By combining MLP and Three Horizons, one can both understand the structural logic of change and work with the human dimensions of the transition. It becomes clear why change often feels chaotic but still follows a recognizable rhythm.
The Iceberg Model and the Hidden Structures
MLP can also be linked to the iceberg model, which is used in systems thinking to show that what we see on the surface is only a small part of reality. Events and symptoms are visible, but beneath the surface there are patterns, structures and mental models that shape behavior.
MLP makes these levels concrete in a societal context. The regime is like the center of the iceberg – the structures and routines that hold everything in place. The niches are below the surface, where new patterns emerge. The landscape is the sea all around, slowly changing the conditions for the entire iceberg.
Working with MLP is therefore a way to train yourself to see the invisible. When we understand where in the system the change is happening, we can act more consciously and effectively.
A method for future decision-making
In a world where complex societal problems such as climate change, social inequality and resource scarcity require collaboration between sectors and levels, MLP becomes a necessary compass. It helps us to think systemically, but also to act strategically.

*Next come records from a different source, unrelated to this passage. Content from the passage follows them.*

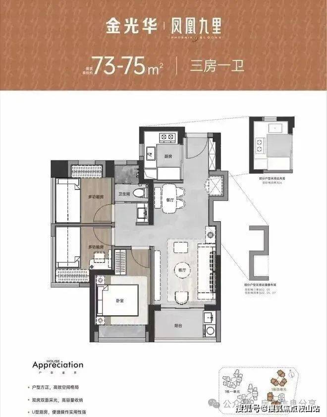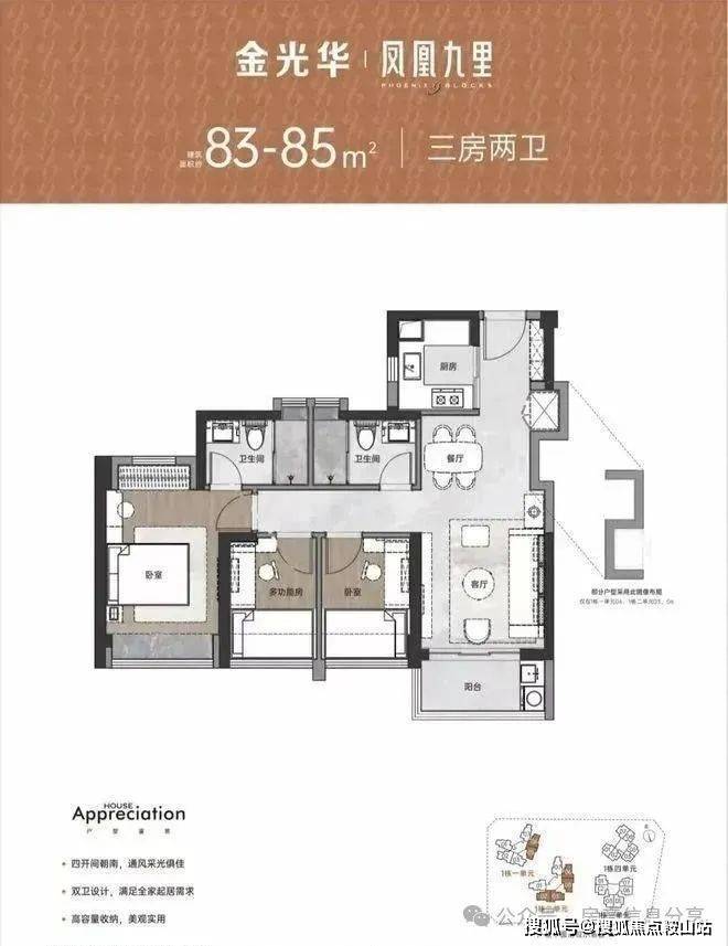 85㎡的3房2厅2卫(01.07户型),设计的是竖厅南北通透格局,主卧双飘窗设计,U型厨房,客厅阳台主朝西北、东北向。
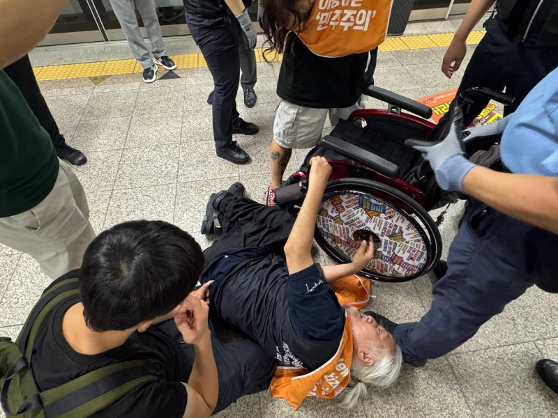 전국장애인차별철폐연대(전장연) 시위로 서울 지하철 4호선 열차가 명동역을 1시간 동안 서지 않고 통과했다.
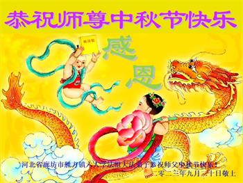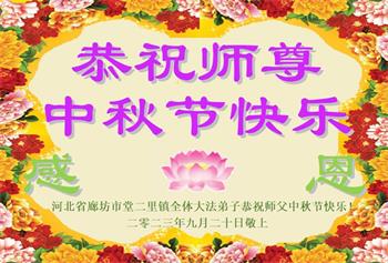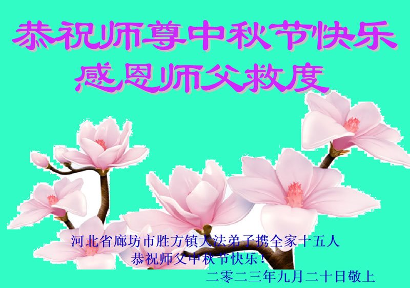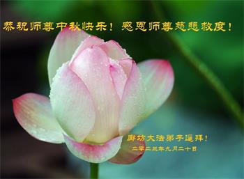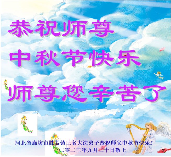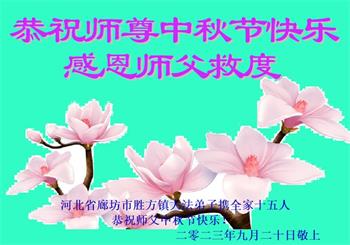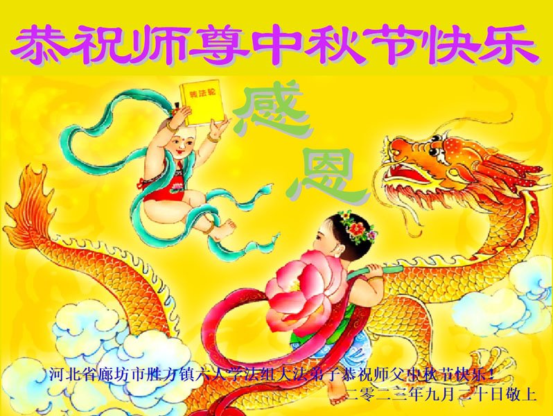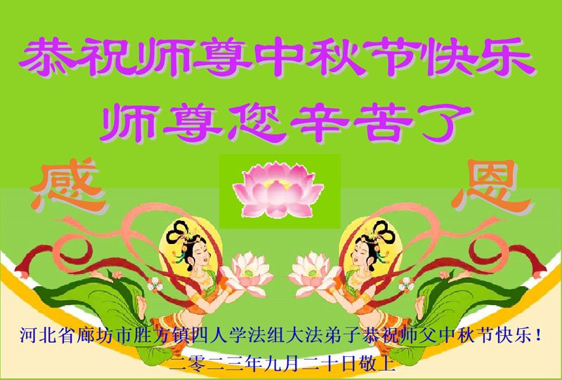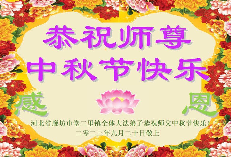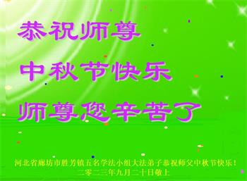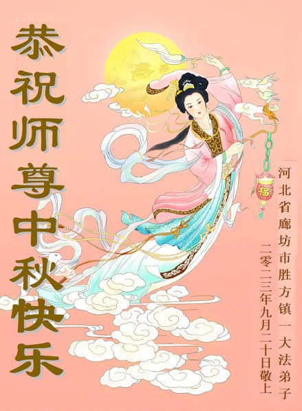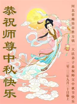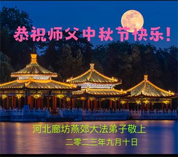 【明慧网二零二三年九月二十七日】 河北省廊坊市胜方镇四人学法组大法弟子恭祝师父中秋节快乐!

The great insight with MLP is that change never happens at a single level. It occurs when ideas, structures and forces from different levels meet. By understanding this interaction, organizations and societies can not only adapt to the future but actively shape it.
Multi Level Perspective is therefore more than a model. It is a way of seeing the world – as a living, multidimensional system where every action, every innovation and every thought is part of something bigger.